[The task] The data should be written out in full, exactly as it stands, and the pictures dropped.

=====

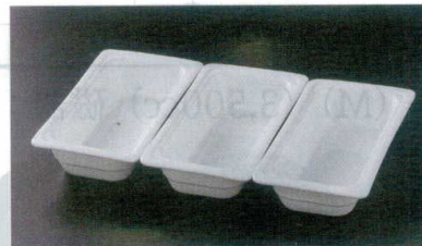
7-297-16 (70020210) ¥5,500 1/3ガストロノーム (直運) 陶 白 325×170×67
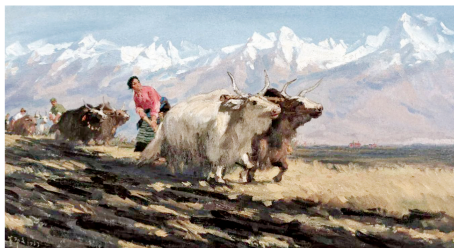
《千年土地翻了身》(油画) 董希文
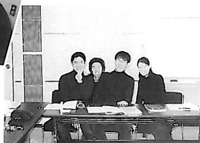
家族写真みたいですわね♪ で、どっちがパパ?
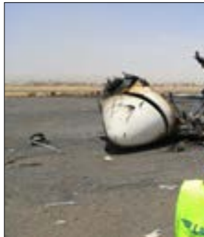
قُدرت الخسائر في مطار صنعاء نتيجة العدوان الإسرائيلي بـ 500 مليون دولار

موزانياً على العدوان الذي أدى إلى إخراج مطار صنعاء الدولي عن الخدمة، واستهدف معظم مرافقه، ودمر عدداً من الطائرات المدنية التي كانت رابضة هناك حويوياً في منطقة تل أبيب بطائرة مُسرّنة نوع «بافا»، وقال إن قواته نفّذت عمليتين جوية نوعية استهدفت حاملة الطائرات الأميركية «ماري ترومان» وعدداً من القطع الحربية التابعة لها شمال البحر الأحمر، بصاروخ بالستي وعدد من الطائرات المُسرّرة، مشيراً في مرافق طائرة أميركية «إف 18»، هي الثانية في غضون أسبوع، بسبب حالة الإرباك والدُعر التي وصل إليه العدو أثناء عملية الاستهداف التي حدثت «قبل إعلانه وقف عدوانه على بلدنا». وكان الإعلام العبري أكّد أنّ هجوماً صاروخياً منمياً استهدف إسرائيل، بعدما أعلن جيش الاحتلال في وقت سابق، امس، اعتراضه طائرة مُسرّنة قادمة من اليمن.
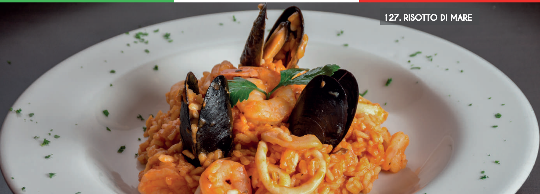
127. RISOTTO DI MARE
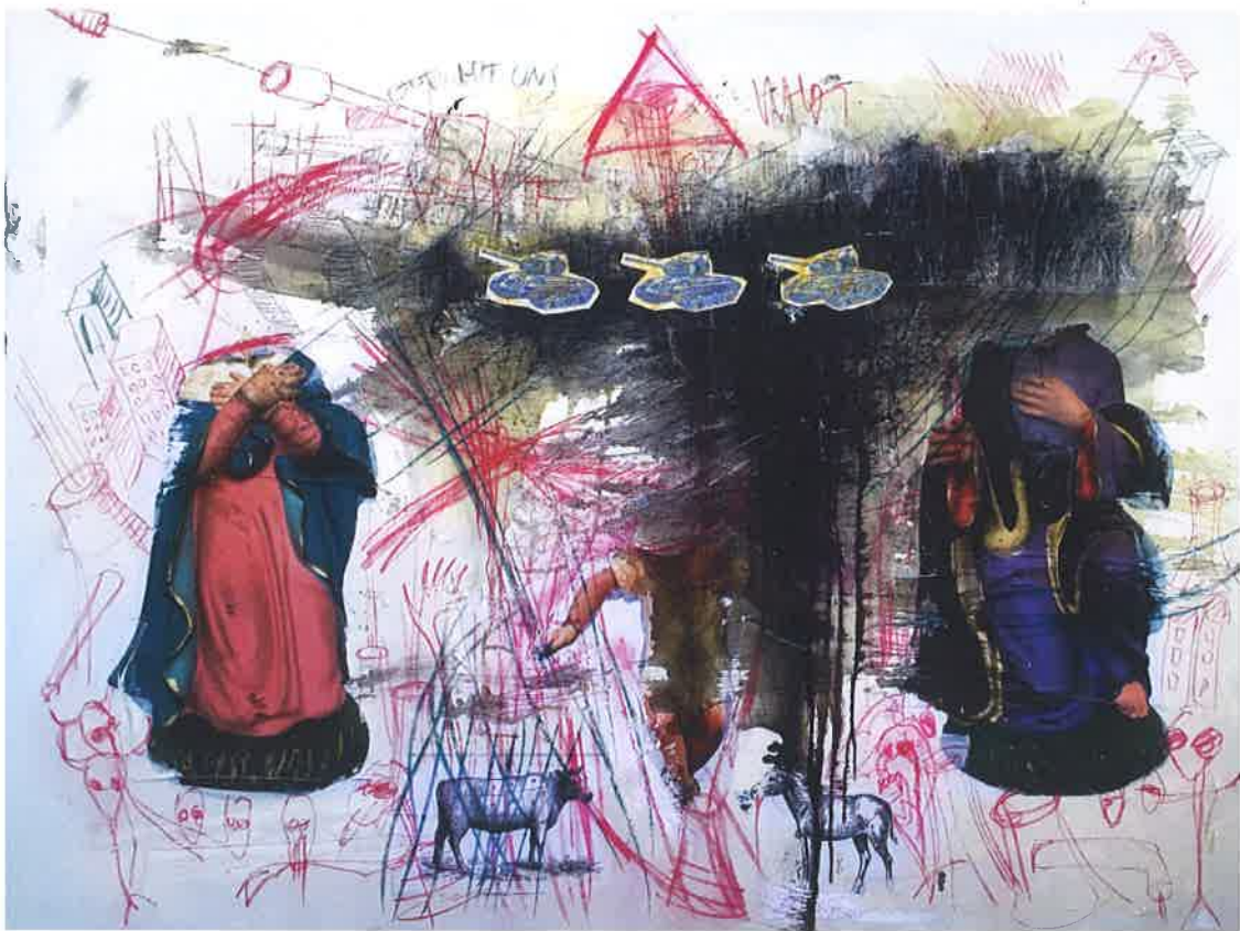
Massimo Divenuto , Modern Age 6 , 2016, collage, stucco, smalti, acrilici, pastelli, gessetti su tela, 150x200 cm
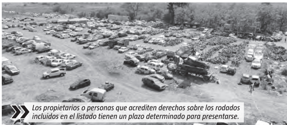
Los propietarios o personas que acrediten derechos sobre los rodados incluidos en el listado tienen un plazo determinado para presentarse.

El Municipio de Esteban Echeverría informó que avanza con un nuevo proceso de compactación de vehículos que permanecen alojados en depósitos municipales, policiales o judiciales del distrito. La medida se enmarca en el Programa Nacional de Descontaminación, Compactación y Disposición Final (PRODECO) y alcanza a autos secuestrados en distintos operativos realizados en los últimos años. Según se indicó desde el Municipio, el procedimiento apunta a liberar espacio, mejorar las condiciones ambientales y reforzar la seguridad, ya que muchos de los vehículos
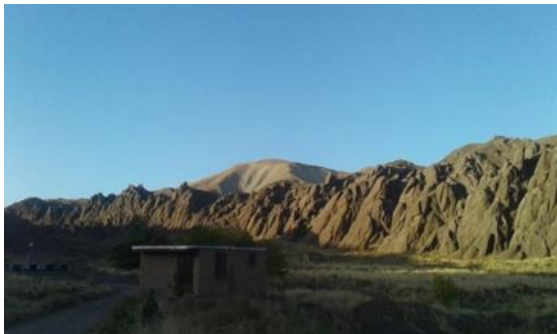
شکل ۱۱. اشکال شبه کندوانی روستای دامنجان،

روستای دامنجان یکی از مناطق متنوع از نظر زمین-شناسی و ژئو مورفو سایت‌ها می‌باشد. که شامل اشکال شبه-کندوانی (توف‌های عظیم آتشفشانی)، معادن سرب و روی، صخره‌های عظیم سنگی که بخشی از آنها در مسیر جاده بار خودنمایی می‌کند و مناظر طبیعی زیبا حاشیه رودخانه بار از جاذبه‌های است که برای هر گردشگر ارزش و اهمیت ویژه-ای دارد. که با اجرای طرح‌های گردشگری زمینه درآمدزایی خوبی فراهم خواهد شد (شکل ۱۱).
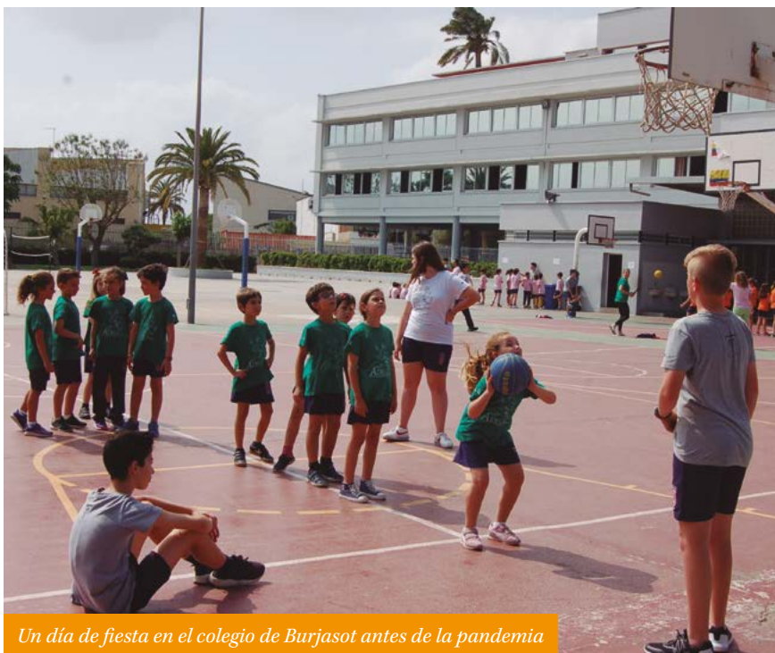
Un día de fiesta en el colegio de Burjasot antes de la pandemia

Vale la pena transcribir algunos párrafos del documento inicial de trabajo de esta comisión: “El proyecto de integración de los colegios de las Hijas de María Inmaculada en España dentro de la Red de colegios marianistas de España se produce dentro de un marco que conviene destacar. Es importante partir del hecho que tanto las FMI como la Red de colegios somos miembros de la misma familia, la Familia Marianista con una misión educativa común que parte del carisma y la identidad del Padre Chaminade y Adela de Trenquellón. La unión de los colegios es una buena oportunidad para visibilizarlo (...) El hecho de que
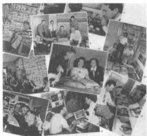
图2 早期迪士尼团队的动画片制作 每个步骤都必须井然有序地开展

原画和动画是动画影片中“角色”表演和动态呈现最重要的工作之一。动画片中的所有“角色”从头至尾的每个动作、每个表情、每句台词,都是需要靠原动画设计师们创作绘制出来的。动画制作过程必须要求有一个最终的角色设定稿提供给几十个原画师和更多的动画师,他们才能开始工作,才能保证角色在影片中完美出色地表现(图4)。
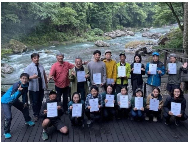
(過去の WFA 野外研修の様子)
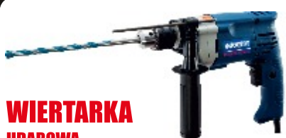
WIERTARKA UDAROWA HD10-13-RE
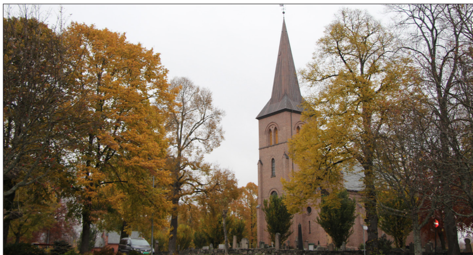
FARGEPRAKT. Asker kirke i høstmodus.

=====

[Solution]
7-297-16 (70020210) ¥5,500 1/3ガストロノーム (直運) 陶 白 325×170×67
《千年土地翻了身》(油画) 董希文
家族写真みたいですわね♪ で、どっちがパパ?
قُدرت الخسائر في مطار صنعاء نتيجة العدوان الإسرائيلي بـ 500 مليون دولار

موزانياً على العدوان الذي أدى إلى إخراج مطار صنعاء الدولي عن الخدمة، واستهدف معظم مرافقه، ودمر عدداً من الطائرات المدنية التي كانت رابضة هناك حويوياً في منطقة تل أبيب بطائرة مُسرّنة نوع «بافا»، وقال إن قواته نفّذت عمليتين جوية نوعية استهدفت حاملة الطائرات الأميركية «ماري ترومان» وعدداً من القطع الحربية التابعة لها شمال البحر الأحمر، بصاروخ بالستي وعدد من الطائرات المُسرّرة، مشيراً في مرافق طائرة أميركية «إف 18»، هي الثانية في غضون أسبوع، بسبب حالة الإرباك والدُعر التي وصل إليه العدو أثناء عملية الاستهداف التي حدثت «قبل إعلانه وقف عدوانه على بلدنا». وكان الإعلام العبري أكّد أنّ هجوماً صاروخياً منمياً استهدف إسرائيل، بعدما أعلن جيش الاحتلال في وقت سابق، امس، اعتراضه طائرة مُسرّنة قادمة من اليمن.
127. RISOTTO DI MARE
Massimo Divenuto , Modern Age 6 , 2016, collage, stucco, smalti, acrilici, pastelli, gessetti su tela, 150x200 cm
Los propietarios o personas que acrediten derechos sobre los rodados incluidos en el listado tienen un plazo determinado para presentarse.

El Municipio de Esteban Echeverría informó que avanza con un nuevo proceso de compactación de vehículos que permanecen alojados en depósitos municipales, policiales o judiciales del distrito. La medida se enmarca en el Programa Nacional de Descontaminación, Compactación y Disposición Final (PRODECO) y alcanza a autos secuestrados en distintos operativos realizados en los últimos años. Según se indicó desde el Municipio, el procedimiento apunta a liberar espacio, mejorar las condiciones ambientales y reforzar la seguridad, ya que muchos de los vehículos
شکل ۱۱. اشکال شبه کندوانی روستای دامنجان،

روستای دامنجان یکی از مناطق متنوع از نظر زمین-شناسی و ژئو مورفو سایت‌ها می‌باشد. که شامل اشکال شبه-کندوانی (توف‌های عظیم آتشفشانی)، معادن سرب و روی، صخره‌های عظیم سنگی که بخشی از آنها در مسیر جاده بار خودنمایی می‌کند و مناظر طبیعی زیبا حاشیه رودخانه بار از جاذبه‌های است که برای هر گردشگر ارزش و اهمیت ویژه-ای دارد. که با اجرای طرح‌های گردشگری زمینه درآمدزایی خوبی فراهم خواهد شد (شکل ۱۱).
Un día de fiesta en el colegio de Burjasot antes de la pandemia

Vale la pena transcribir algunos párrafos del documento inicial de trabajo de esta comisión: “El proyecto de integración de los colegios de las Hijas de María Inmaculada en España dentro de la Red de colegios marianistas de España se produce dentro de un marco que conviene destacar. Es importante partir del hecho que tanto las FMI como la Red de colegios somos miembros de la misma familia, la Familia Marianista con una misión educativa común que parte del carisma y la identidad del Padre Chaminade y Adela de Trenquellón. La unión de los colegios es una buena oportunidad para visibilizarlo (...) El hecho de que
图2 早期迪士尼团队的动画片制作 每个步骤都必须井然有序地开展

原画和动画是动画影片中“角色”表演和动态呈现最重要的工作之一。动画片中的所有“角色”从头至尾的每个动作、每个表情、每句台词,都是需要靠原动画设计师们创作绘制出来的。动画制作过程必须要求有一个最终的角色设定稿提供给几十个原画师和更多的动画师,他们才能开始工作,才能保证角色在影片中完美出色地表现(图4)。
(過去の WFA 野外研修の様子)
WIERTARKA UDAROWA HD10-13-RE
FARGEPRAKT. Asker kirke i høstmodus.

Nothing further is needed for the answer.